Cinematic Song

Cinematic Song September 8, 2015

Josh Timmermann suggests that Terrence Malick’s To the Wonder takes its cues not from love stories but from love songs – one in particular, the Song of Songs:

“Its narrative logic is specifically poetic. Its structure is built carefully upon a cadence of clear, beautiful rhymes and faint yet significant echoes; its entrances and exits, its tender highs and lows of romantic and spiritual feeling, are as perfectly timed and breathlessly sustained as the lovers’ back-and-forth in the Song of Songs. The mood of the film shifts mercurially as presence (the ebullience and unity of sexual consummation, the tenderness of shared companionship) shifts to absence: ‘In my bed by night I sought him whom my soul loveth: I sought him, and I found him not,’ laments the woman in the Song of Songs, ‘I will rise, and will go about the city: in the streets and the broad ways I will seek him whom my soul loveth: I sought him, and I found him not’ (3:1-2).”

The sense of love’s absence, its elusiveness, is evident in the love story between Neil and Marina, Marina taking on the features of a hortus conclusus, the enclosed garden common to the Song, to medieval poetry, and to the visual imagery of the film. 

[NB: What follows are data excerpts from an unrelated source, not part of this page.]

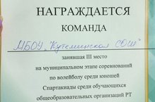 Сегодня на базе МБОУ "Черемшанский лицей" прошел муниципальный этап Спартакиады школьников по волейболу среди юношей. Сборная команды школы заняла 3 место. Поздравляем ребят с победой и желаем дальнейших успехов.
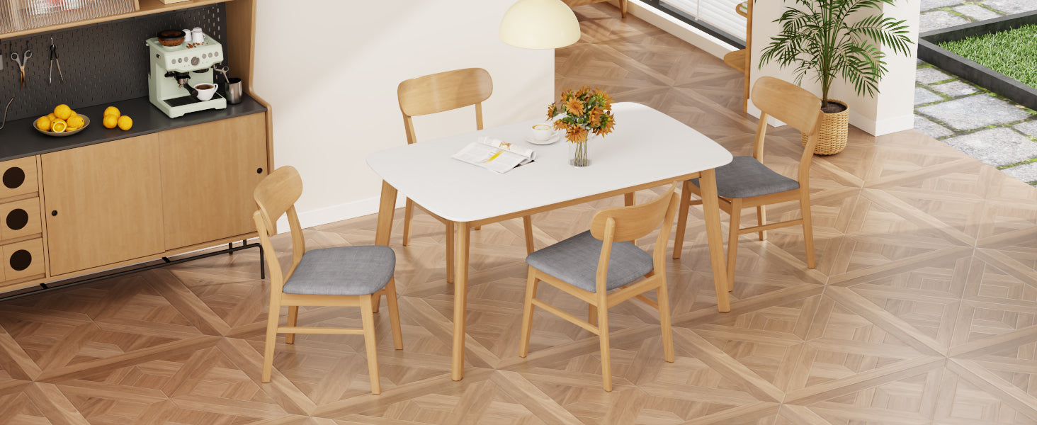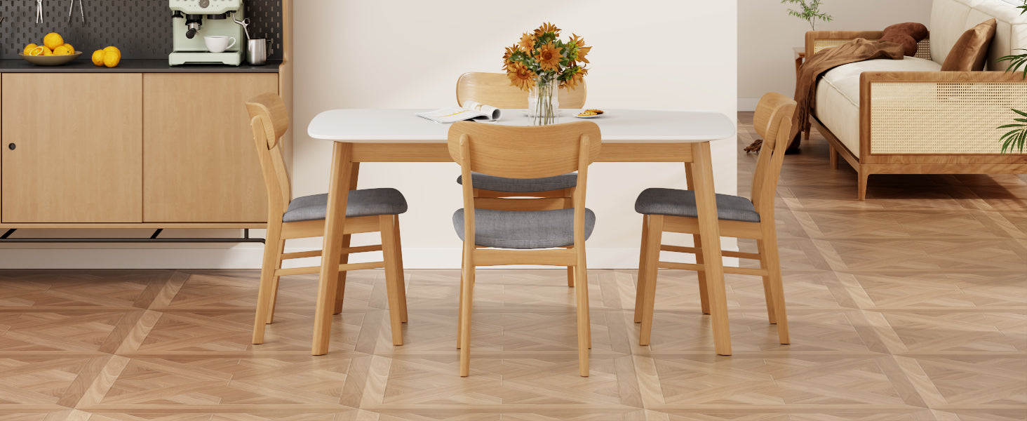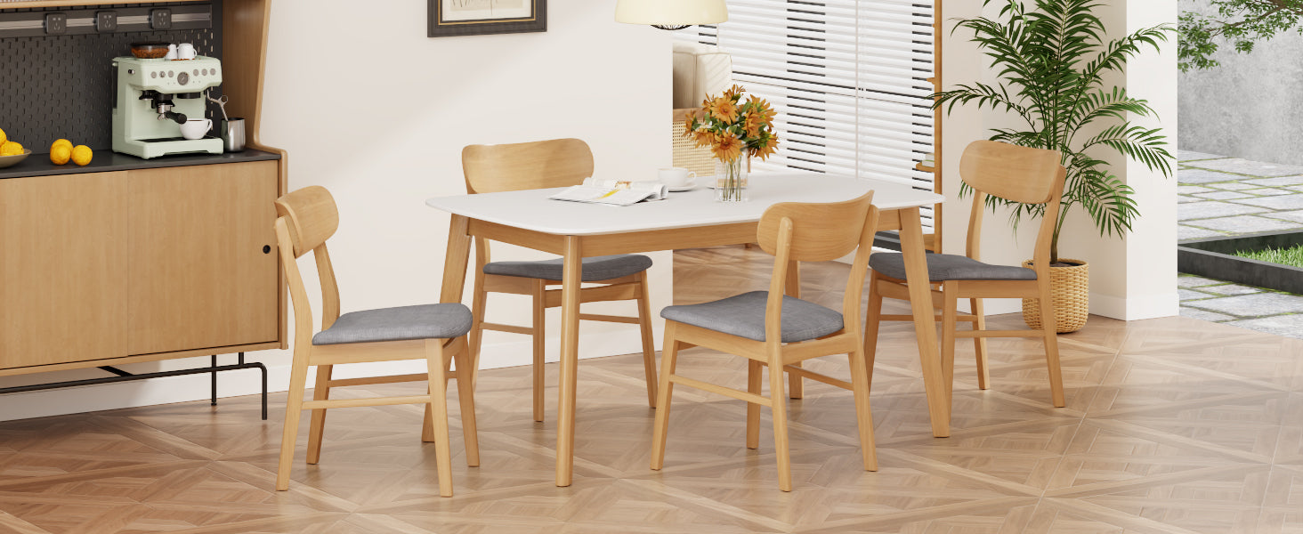 Juego de mesa de comedor de 5 piezas con estructura de madera maciza y 4 sillas tapizadas de madera maciza (roble blanco y gris oscuro)
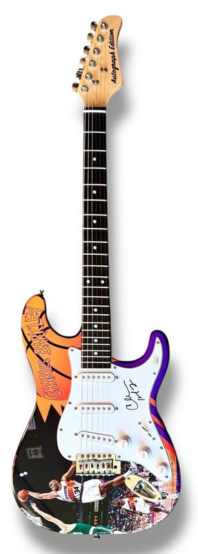 Custom Autograph Edition Stratocaster style electric guitar measures approximately 39" in length and has been hand-signed on the pickguard by Charles Barkley (Phoenix Suns, HOF).
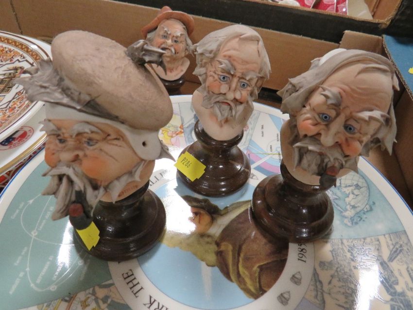 A tray of sundries to include Capodimonte figures, Wedgwood and Coalport collectors plates
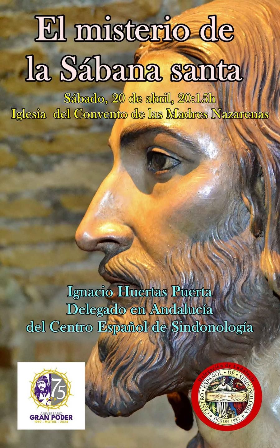 El próximo sábado 20 de abril, a las 20:15 horas, tendrá lugar en la Iglesia de la Visitación del Convento de Nuestras R.R.M.M. Nazarenas -calle Monjas de Motril-, la conferencia “El Misterio de la Sábana Santa”, enmarcada en los actos del 75 Aniversario de la bendición de Nuestro Padre Jesús del Gran Poder.
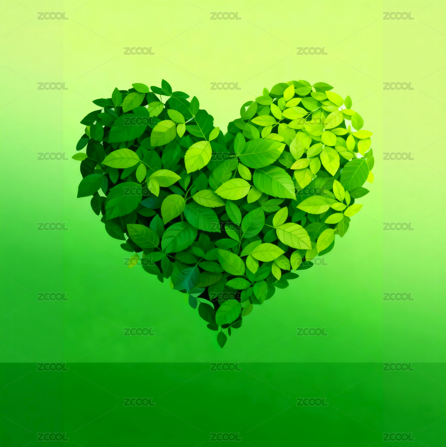 绿色叶子组成的爱心创意数字插画艺术
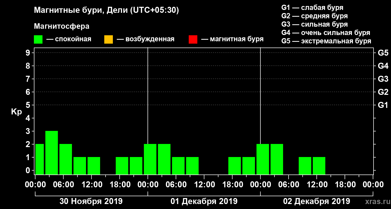 Изменения геомагнитного индекса Kp с 30 ноября по 2 декабря 2019 года для средних широт
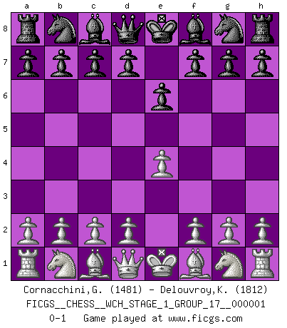 Last move : 0-1 2006 August 14 17:38:4 [Event "FICGS__CHESS__WCH_STAGE_1_GROUP_17__000001"] [Site "FICGS"] [Date "2006.07.01"] [Round "1"] [White "Cornacchini,Gabriele"] [Black "Delouvroy,Kael"] [Result "0-1"] [WhiteElo "1481"] [BlackElo "1812"] 1.e4 e6 0-1 This chess game has been lost on time (started : 2006.07.01 16:25:41) French defense Player Black won this chess game. Follow this game move after move (download)Chess is no whit inferior to the violin, and we have a large number of professional violinists. (Mikhail Botvinnik) Wie gewinnt Tal? Er entwickelt alle seine Figuren in die Brettmitte und opfert sie dann irgendwo. (Robert James Fischer) La táctica fluye a partir de una posición superior. (Bobby Fischer) Les Echecs ont trois composantes : le temps, l'espace et le matériel en dernier. (Mikhail Tal) Unless I accept my faults I will most certainly doubt my virtues. (Hugh Prather)
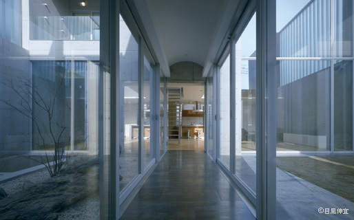 道路側に面した玄関ホールのある棟と、中庭を挟んだ敷地奥側のリビング・ダイニングのあるメイン棟の間をガラス張りの通路で接続。その通路の玄関から向かって左側の中庭は「枯山水」、右側はコンクリートと芝生の組み合せにアクセントとして姫シャラを配したシンプルな構成でまとめ、日常的な導線の中に「四季折々で変化する対照的な2つの風景」といった要素を盛り込んだ。また、中庭は高い壁面で囲われており、建物の開口のほとんどはその中庭に面している。それにより、玄関に入った瞬間から周囲の雑踏からは完全に切り離され、そこに住まう家族だけの落ち着きのある生活空間をつくり出している。
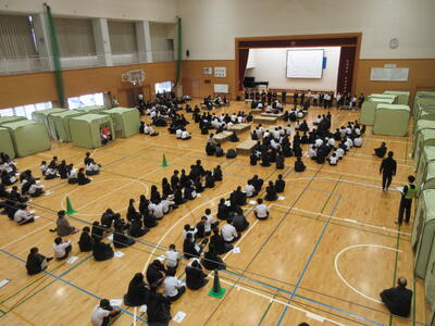 1年生が避難者、2,3年生が避難所運営という役割分担です。
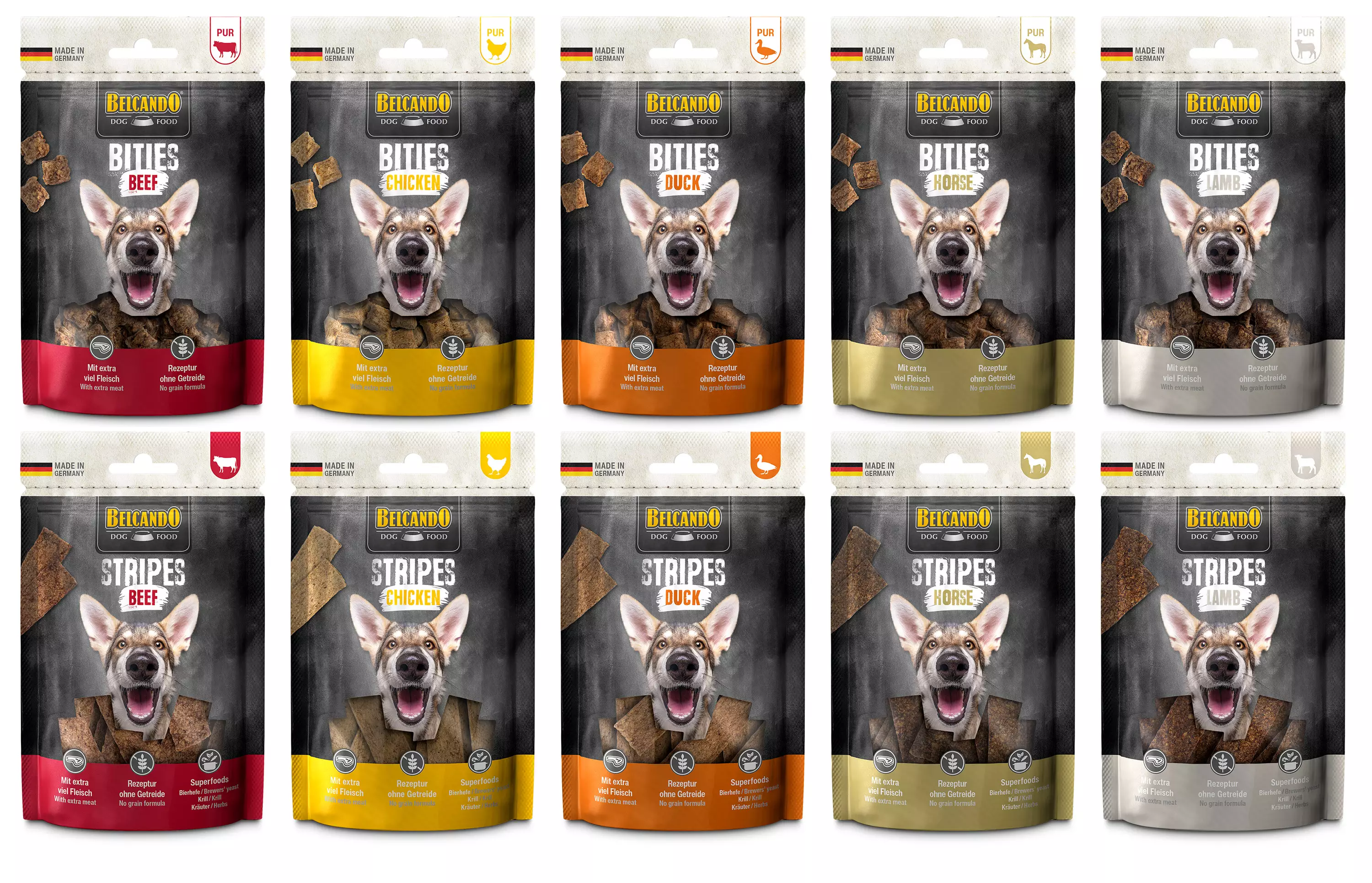Belcando Stripes, vastustamattoman herkullista lihaa ja terveellisiä superfoodeja (krilli, yriti ja panimohiiva). Erittäin lihaiset Stripes herkut on luonnollisesti "Made in Germany". Viljaton ja sokeriton resepti on hellävaraisesti ilmakuivattu.

The Song’s allegorical dimensions are also present, in the longing of the priest, Father Quintana, for the touch of God: “Malick, in effect, has it both ways, in these loosely intertwined narrative strands: the erotic interaction of the man and woman in the Song of Songs is re-played in the voices and physical movements of Kurylenko and Affleck (whose characters, though named in the credits, are nearly as archetypal as the biblical lovers), while the Song’s allegorical representation of Christ and his Church is embodied in Bardem’s priest.”